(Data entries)
####################
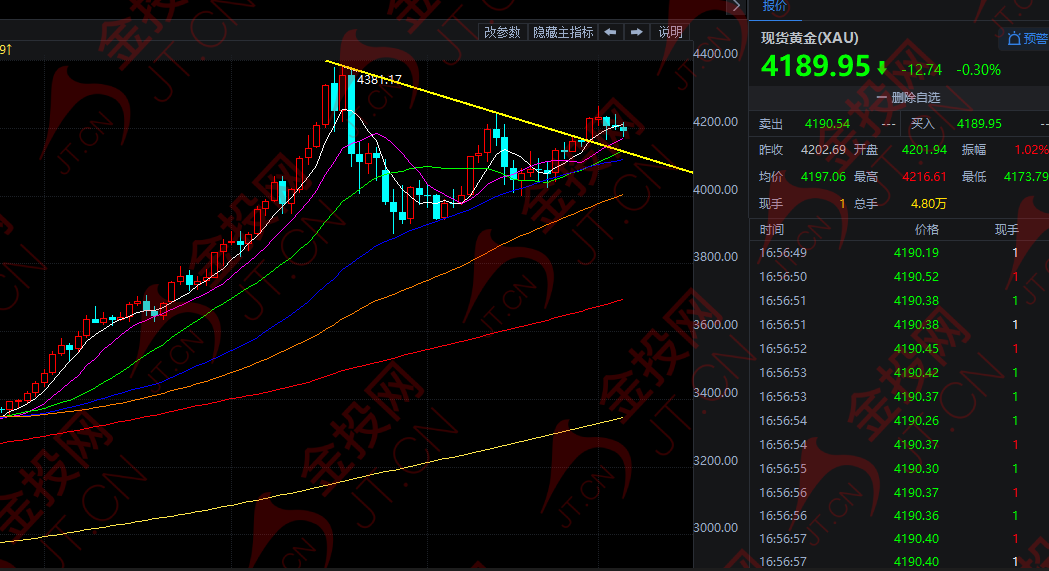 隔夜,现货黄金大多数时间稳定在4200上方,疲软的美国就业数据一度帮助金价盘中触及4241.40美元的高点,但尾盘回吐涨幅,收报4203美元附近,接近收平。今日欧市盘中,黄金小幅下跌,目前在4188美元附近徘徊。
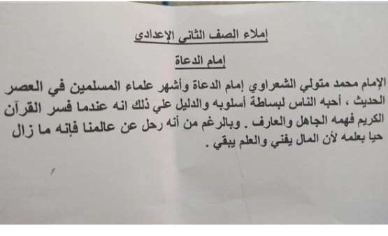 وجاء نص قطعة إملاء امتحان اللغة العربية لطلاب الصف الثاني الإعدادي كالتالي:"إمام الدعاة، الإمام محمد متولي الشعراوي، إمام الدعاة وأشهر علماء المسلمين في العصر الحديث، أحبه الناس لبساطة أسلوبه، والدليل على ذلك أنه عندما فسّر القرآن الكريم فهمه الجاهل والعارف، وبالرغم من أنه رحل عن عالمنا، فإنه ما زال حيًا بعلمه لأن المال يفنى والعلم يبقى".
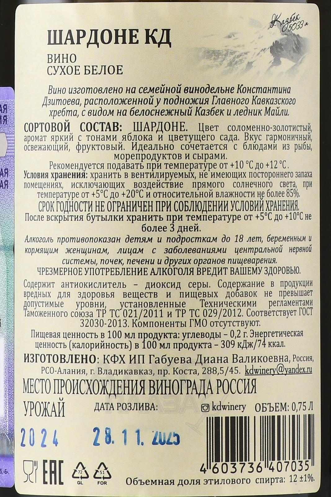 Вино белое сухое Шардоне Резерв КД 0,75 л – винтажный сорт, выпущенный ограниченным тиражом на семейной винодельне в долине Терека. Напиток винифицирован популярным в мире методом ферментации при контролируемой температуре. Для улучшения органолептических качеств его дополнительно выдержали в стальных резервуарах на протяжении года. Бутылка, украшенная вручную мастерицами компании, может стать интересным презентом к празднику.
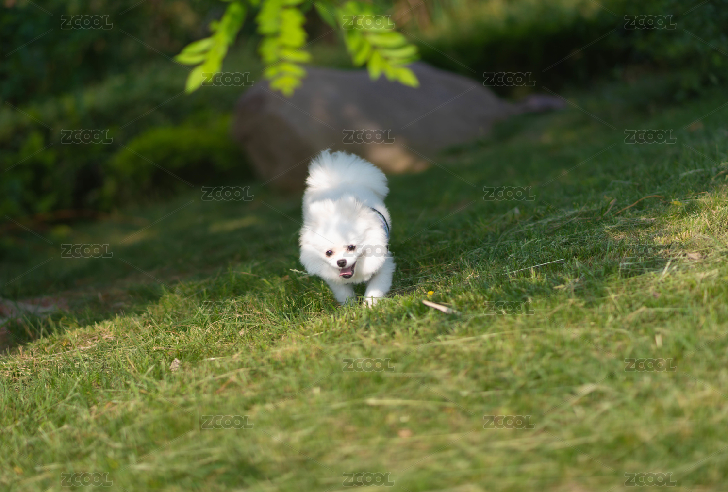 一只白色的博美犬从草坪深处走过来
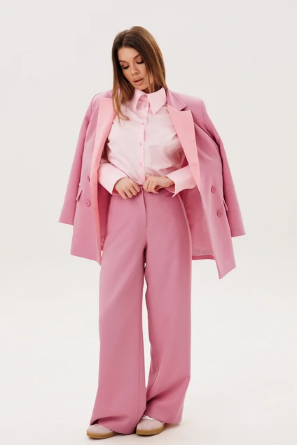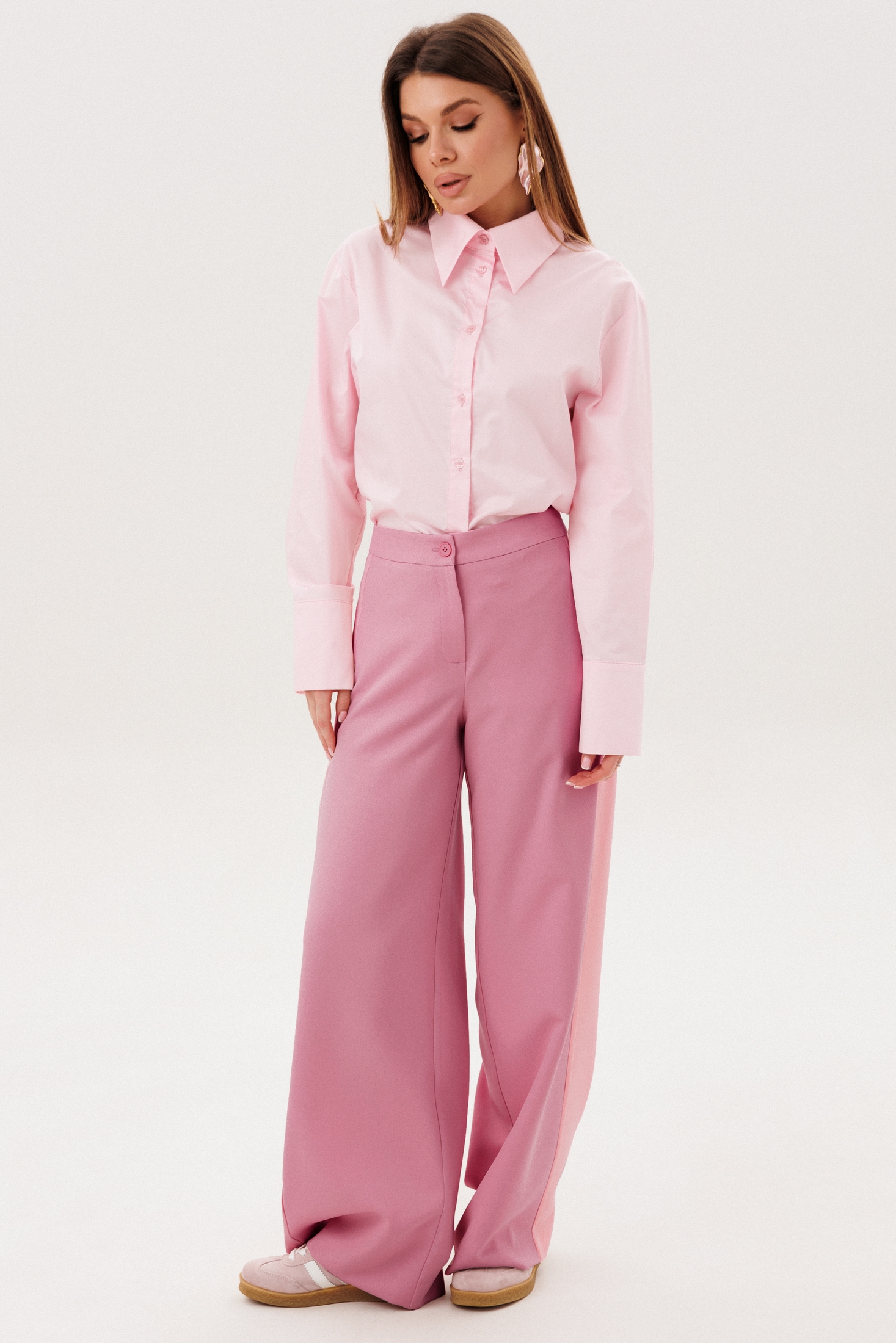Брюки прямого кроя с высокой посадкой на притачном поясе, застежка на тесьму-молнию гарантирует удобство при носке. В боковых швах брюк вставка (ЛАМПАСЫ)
####################
## Task directions:
Repeat word for word, and nothing more, the lines between the line containing "一只白色的博美犬从草坪深处走过来" and the last line of the records above, inclusive, without pictures.

## Worked solution:
 一只白色的博美犬从草坪深处走过来
Брюки прямого кроя с высокой посадкой на притачном поясе, застежка на тесьму-молнию гарантирует удобство при носке. В боковых швах брюк вставка (ЛАМПАСЫ)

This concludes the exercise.